In [1]:
import json
import os
import pandas as pd
from IPython.display import display
from tld import get_fld
from collections import Counter, defaultdict

In [2]:
def is_cross_domain(url1, url2):
    return url1 != url2

In [3]:
gov_dir = '..\crawl_data_gov'
news_dir = '..\crawl_data_news'
ext = 'har'
num_get_reqs_gov = 0
num_get_reqs_news = 0
num_post_reqs_gov = 0
num_post_reqs_news = 0
num_other_reqs_gov = 0
num_other_reqs_news = 0
response_codes = [301,308,302,303,307]
gov_redirection_pairs = defaultdict(set)
news_redirection_pairs = defaultdict(set)

for file in os.listdir(gov_dir):
    if file.endswith(ext):
        with open('..\crawl_data_gov\\' + file, 'r', encoding='utf-8') as har_file:
            har_data = json.load(har_file)
            entries = har_data['log']['entries']

            for entry in entries:
                if entry['request']['method'] == "GET":
                    num_get_reqs_gov += 1
                elif entry['request']['method'] == "POST":
                    num_post_reqs_gov += 1
                else:
                    num_other_reqs_gov += 1
                
                if entry['response']['status'] in response_codes:
                    source = get_fld(entry['request']['url'])
                    target = get_fld(entry['response']['redirectURL'])
                    
                    if is_cross_domain(source, target):
                        gov_redirection_pairs[(source, target)].add(file)
    else:
        continue

for file in os.listdir(news_dir):
    if file.endswith(ext):
        with open('..\crawl_data_news\\' + file, 'r', encoding='utf-8') as har_file:
            har_data = json.load(har_file)
            entries = har_data['log']['entries']

            for entry in entries:
                if entry['request']['method'] == "GET":
                    num_get_reqs_news += 1
                elif entry['request']['method'] == "POST":
                    num_post_reqs_news += 1
                else:
                    num_other_reqs_news += 1

                if entry['response']['status'] in response_codes:
                    source = get_fld(entry['request']['url'])
                    target = get_fld(entry['response']['redirectURL'])
                    
                    if is_cross_domain(source, target):
                        news_redirection_pairs[(source, target)].add(file)
    else:
        continue

In [4]:
gov_pair_counts = {pair: len(websites) for pair, websites in gov_redirection_pairs.items()}
gov_most_common_elements = Counter(gov_pair_counts).most_common(3)

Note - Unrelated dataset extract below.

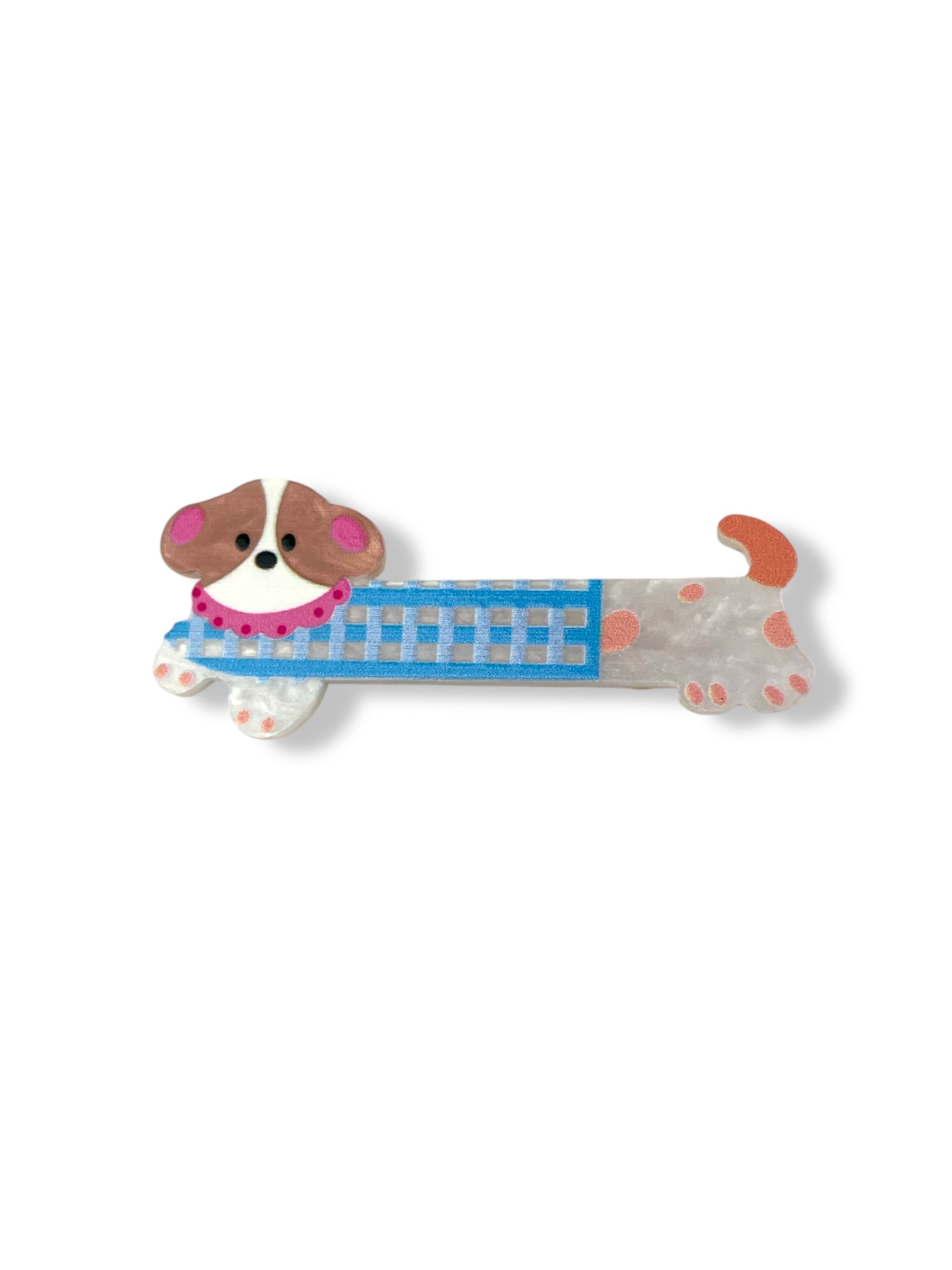 Med sit søde design og sin ternede trøje er denne hårklemme formet som Charlie hund et unikt og dekorativt håraccessory.

news_pair_counts = {pair: len(websites) for pair, websites in news_redirection_pairs.items()}
news_most_common_elements = Counter(news_pair_counts).most_common(3)

In [5]:
data = {
    'HTTP Method': ['GET', 'POST', 'other'],
    'Crawl-news': [num_get_reqs_news, num_post_reqs_news, num_other_reqs_news],
    'Crawl-gov': [num_get_reqs_gov, num_post_reqs_gov, num_other_reqs_gov]
}

df = pd.DataFrame(data)
totals = df[['Crawl-gov', 'Crawl-news']].sum()

df['Crawl-gov %'] = (df['Crawl-gov'] / totals['Crawl-gov']) * 100
df['Crawl-news %'] = (df['Crawl-news'] / totals['Crawl-news']) * 100

df['Crawl-gov'] = df['Crawl-gov'].astype(str) + " (" + df['Crawl-gov %'].round(1).astype(str) + "%)"
df['Crawl-news'] = df['Crawl-news'].astype(str) + " (" + df['Crawl-news %'].round(1).astype(str) + "%)"
df = df.drop(columns=['Crawl-gov %', 'Crawl-news %'])

display(df.style.hide(axis='index'))

HTTP Method,Crawl-news,Crawl-gov
GET,14364 (89.5%),1087 (93.5%)
POST,1677 (10.5%),75 (6.5%)
other,5 (0.0%),0 (0.0%)


In [6]:
# Data is only available for news websites, since government websites don't have any cross-domain redirections
cross_domain_data = {
    'Source domain': [news_most_common_elements[0][0][0], news_most_common_elements[1][0][0], news_most_common_elements[2][0][0]],
    'Target domain': [news_most_common_elements[0][0][1], news_most_common_elements[1][0][1], news_most_common_elements[2][0][1]],
    'Number of distinct websites': [news_most_common_elements[0][1], news_most_common_elements[1][1], news_most_common_elements[2][1]]
}
cross_domain_df = pd.DataFrame(cross_domain_data)
display(cross_domain_df.style.hide(axis='index'))

Source domain,Target domain,Number of distinct websites
casalemedia.com,doubleclick.net,16
doubleclick.net,casalemedia.com,16
adnxs.com,doubleclick.net,12